Ce peu de mots expliquait assez clairement par quel motif Lydie était restée seule avec Alméric, et livrait Gustave à la honte d’avoir conçu un injuste soupçon. Il se rapprocha de Lydie dans l’intention de réparer sa faute par quelque signe de repentir, mais ce fut inutilement ; la femme la plus indulgente ne pardonne jamais qu’après avoir puni. Gustave, repoussé avec mépris, se persuada qu’en blessant ainsi le cœur de son amie, il l’avait perdu pour toujours ; et le désespoir s’emparant de son âme, il lui dit de manière à n’être entendu que d’elle :

— Puisque vous avez résolu ma perte, c’en est fait, ce soir même, à minuit, à la porte de votre parc qui donne dans la forêt, vous trouverez le dernier adieu d’un homme qui ne vous importunera plus.

À ces mots, il s’éloigne brusquement de Lydie, et la laisse dans un trouble impossible à décrire.

Ces grandes agitations, plus ou moins bien dissimulées, ne troublèrent en rien le babil du reste de la société. Madame de Belrive, enchantée de rencontrer des gens de sa connaissance, les invita avec instances à partager le dîner champêtre qu’elle avait fait préparer dans une salle de verdure où se trouvait autrefois le labyrinthe que madame de Sévigné appelait son galimatias.
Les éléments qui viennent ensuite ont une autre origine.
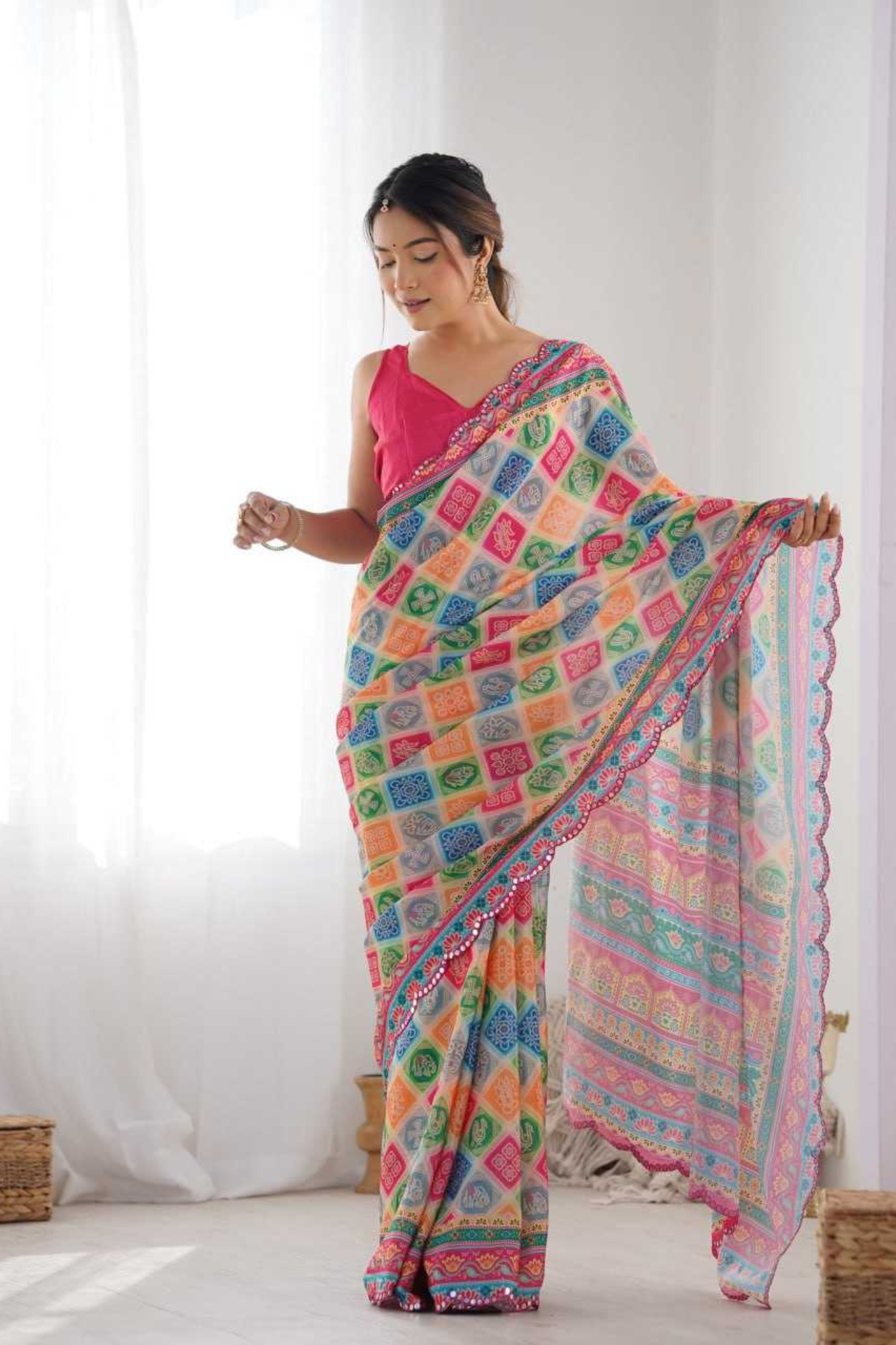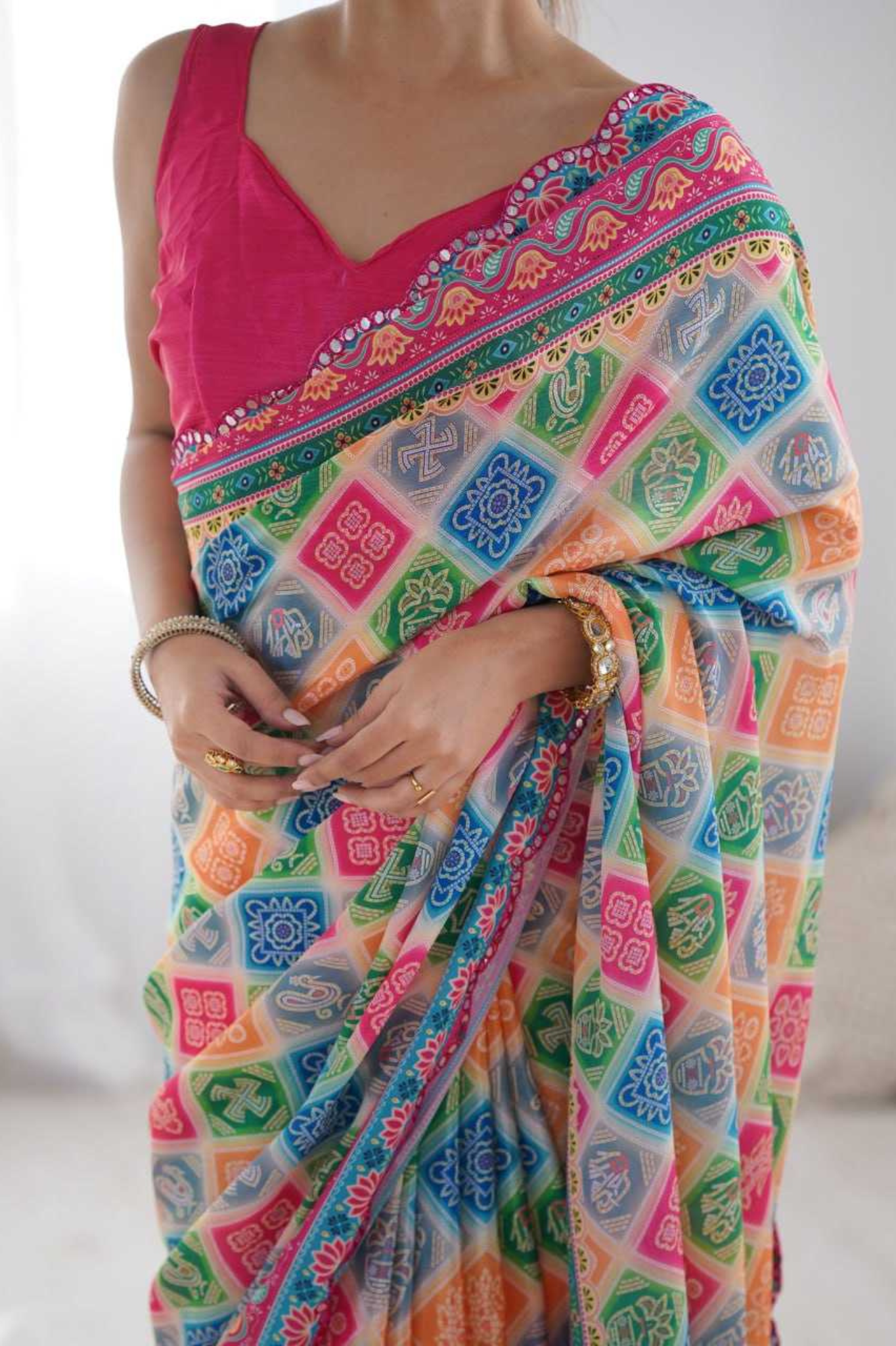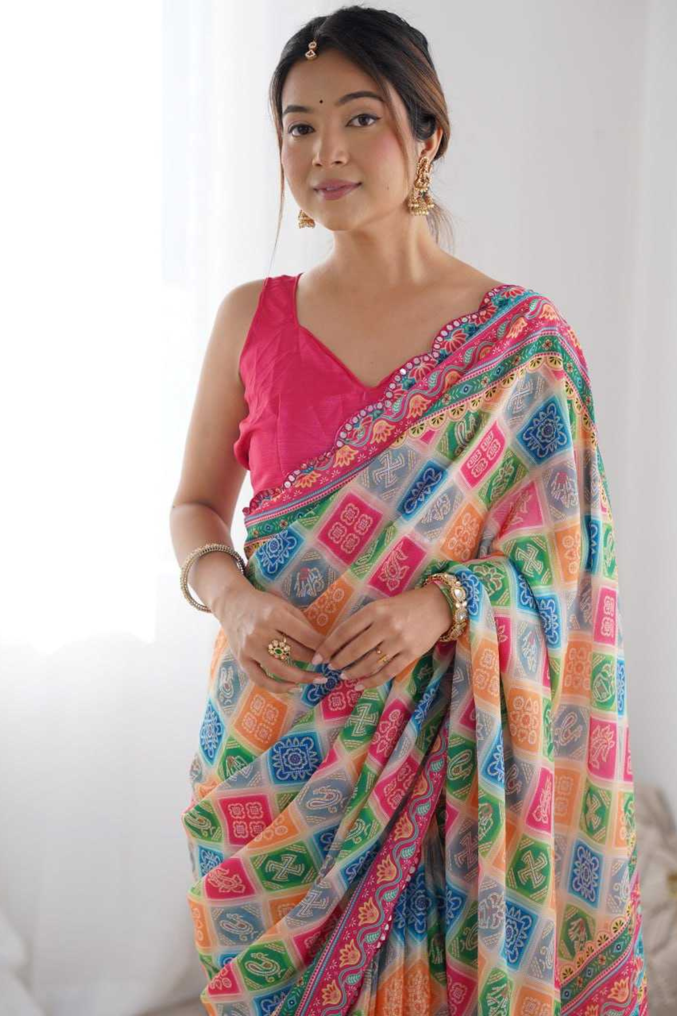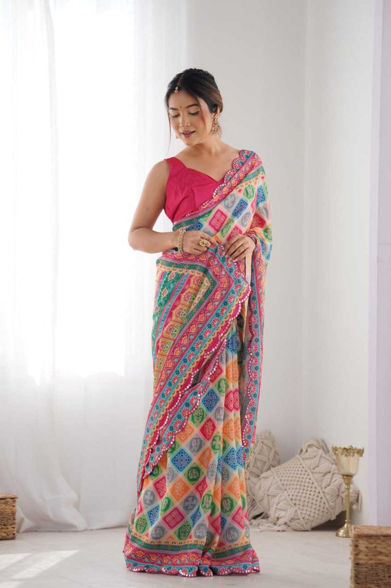 A perfect fusion of color and tradition, this Heavy Chinnon Saree showcases a vibrant Kutchi-inspired multicolor print that adds festive energy to your wardrobe. The saree is beautifully detailed with a mirror lace border, giving it a touch of ethnic elegance and shimmer.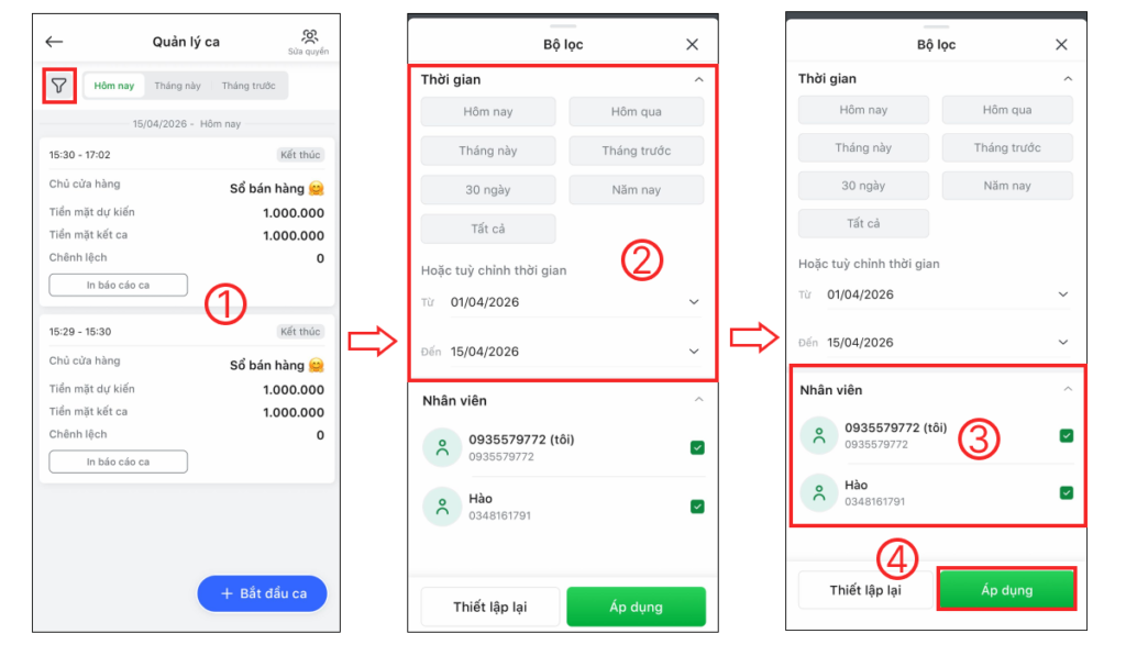 Chọn biểu tượng phễu (1) > chọn thời gian cần xem hoặc điều chỉnh theo thời gian (2) > Chọn nhân viên muốn xem lịch sử vào ca (3)

Lorsque j’y vins pour aider les gens de madame de Belrive à tout disposer pour le repas, mon maître me donna l’ordre de faire mettre ses chevaux dès qu’on se lèverait de table, en prétextant le désir de revenir assez tôt pour passer la soirée avec sa mère. M. de Saumery approuva cet aimable empressement, et dit qu’il regrettait bien que madame de Révanne n’eût pu les accompagner :

— Car, ajouta-t-il, elle est venue si souvent ici recueillir tous les souvenirs du château, qu’elle nous en aurait fait les honneurs à merveille.

— Dites même à s’y tromper d’un siècle, interrompit Alméric, qui manquait rarement l’occasion de dire un mot flatteur sur madame de Révanne.